*** Opening of Exercise data ***

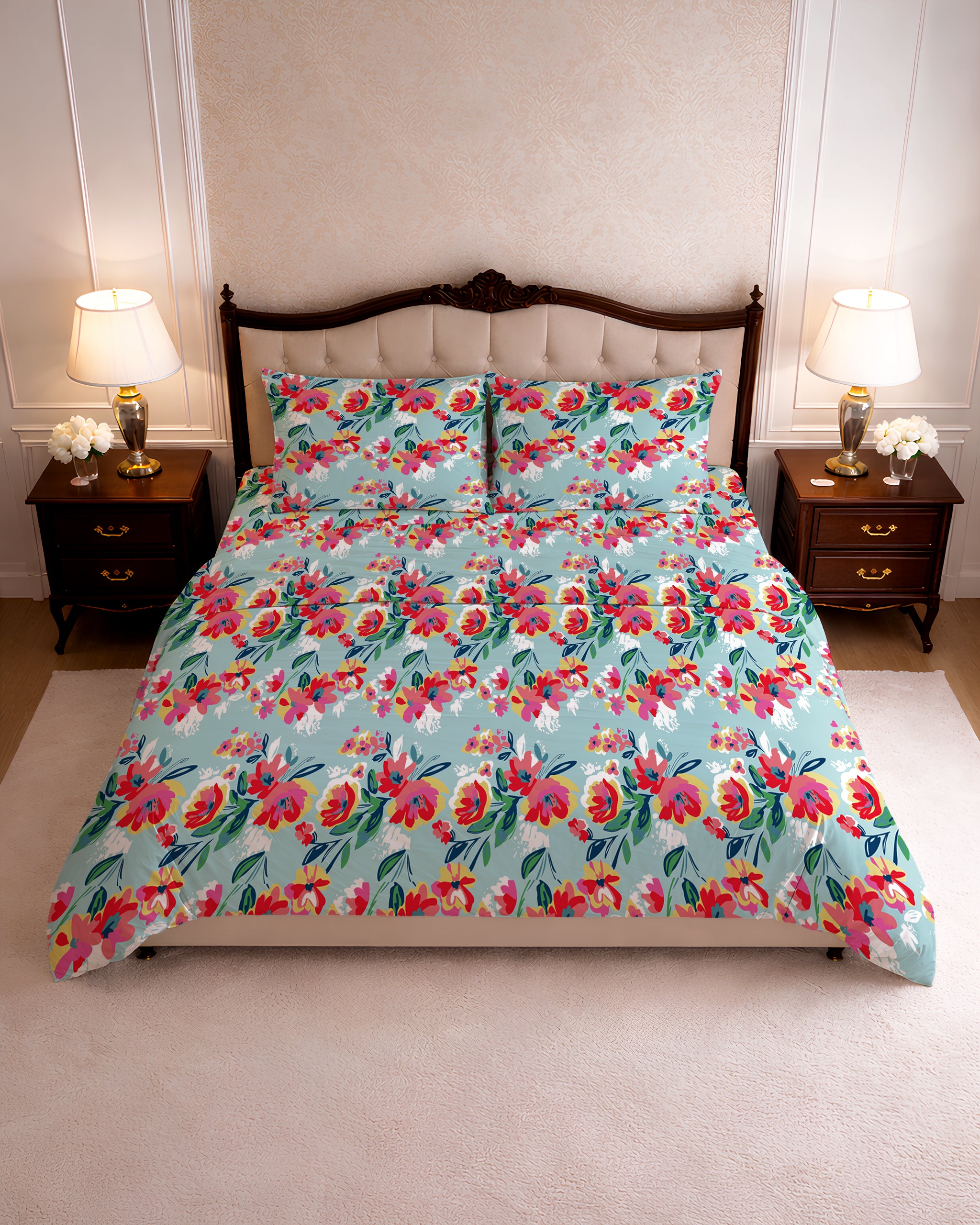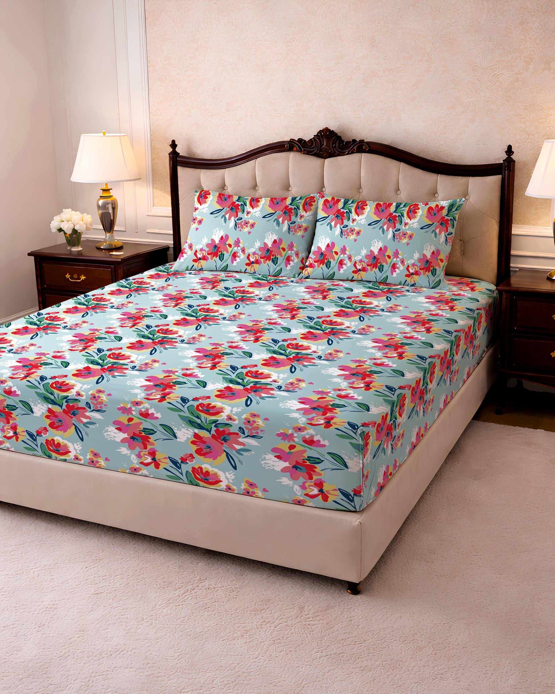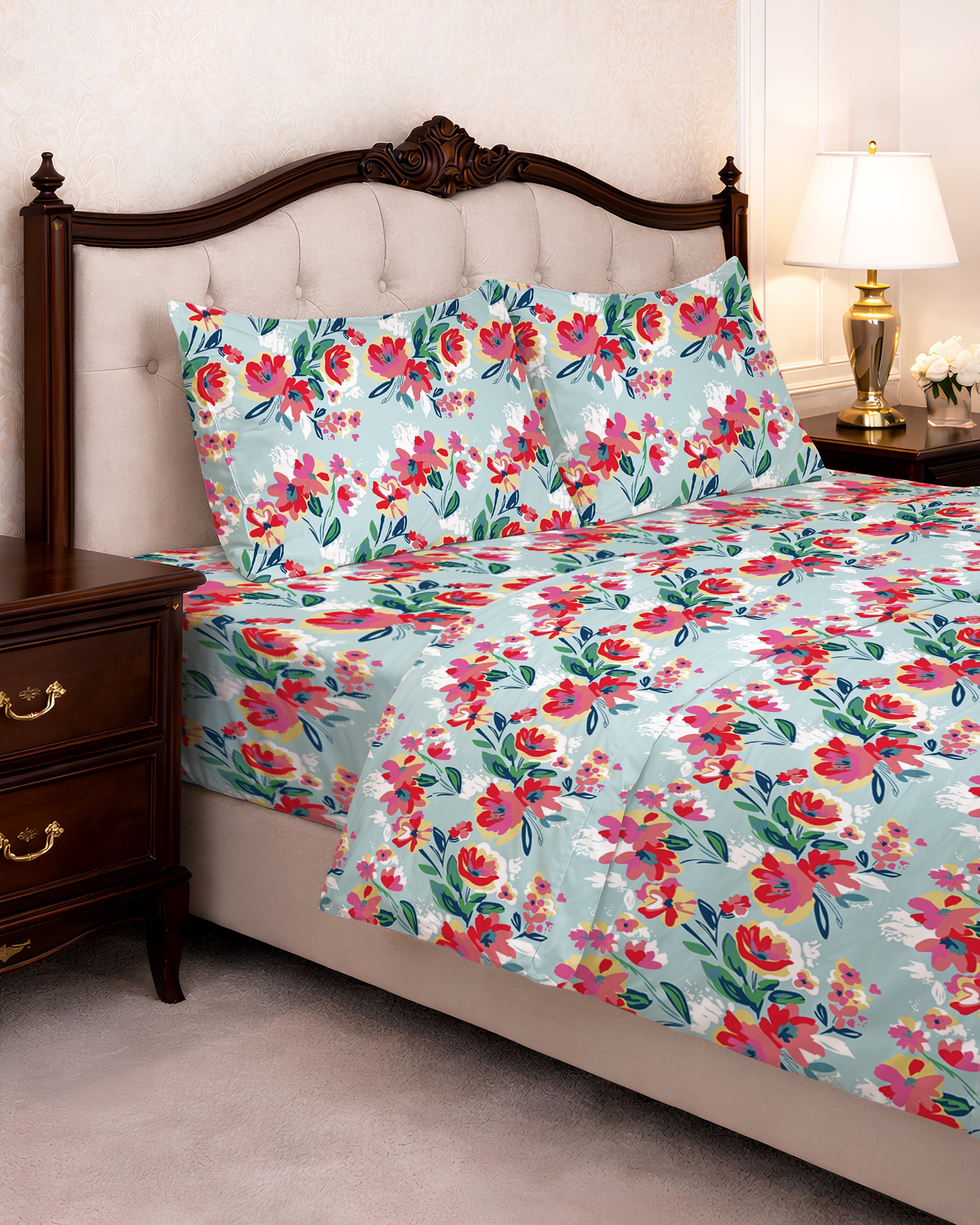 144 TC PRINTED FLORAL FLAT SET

*** Close of Exercise data ***
*** Opening of Exercise data ***

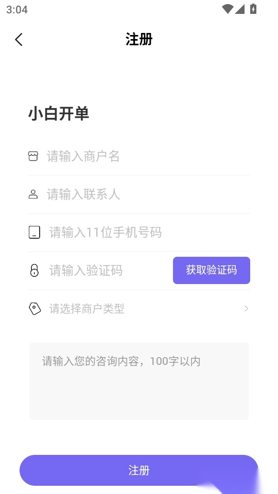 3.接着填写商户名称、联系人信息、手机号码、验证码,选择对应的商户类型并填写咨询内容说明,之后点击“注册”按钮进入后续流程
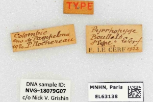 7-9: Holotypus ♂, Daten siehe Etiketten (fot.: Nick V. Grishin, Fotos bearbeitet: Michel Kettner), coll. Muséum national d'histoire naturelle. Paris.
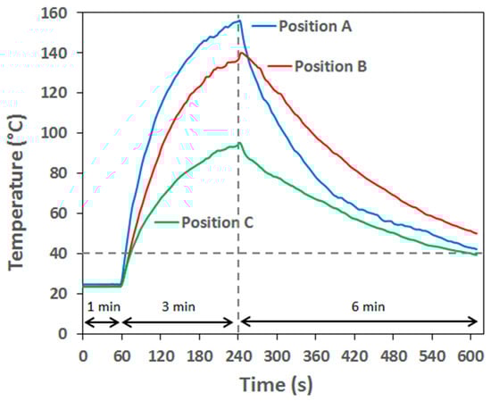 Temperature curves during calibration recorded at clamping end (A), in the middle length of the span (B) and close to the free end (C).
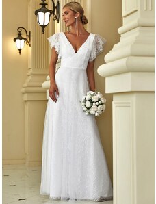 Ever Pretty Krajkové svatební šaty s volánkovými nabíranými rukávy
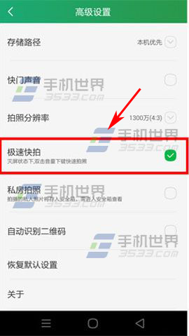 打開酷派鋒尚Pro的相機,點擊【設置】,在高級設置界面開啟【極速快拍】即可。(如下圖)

*** Close of Exercise data ***

### What to produce
Within the listing above, write out the stretch from the line with "Ever Pretty Krajkové" through the line with "打開酷派鋒尚Pro的相機,點" exactly. Any pictures are to be left out.

### Exercise solution
 Ever Pretty Krajkové svatební šaty s volánkovými nabíranými rukávy
 打開酷派鋒尚Pro的相機,點擊【設置】,在高級設置界面開啟【極速快拍】即可。(如下圖)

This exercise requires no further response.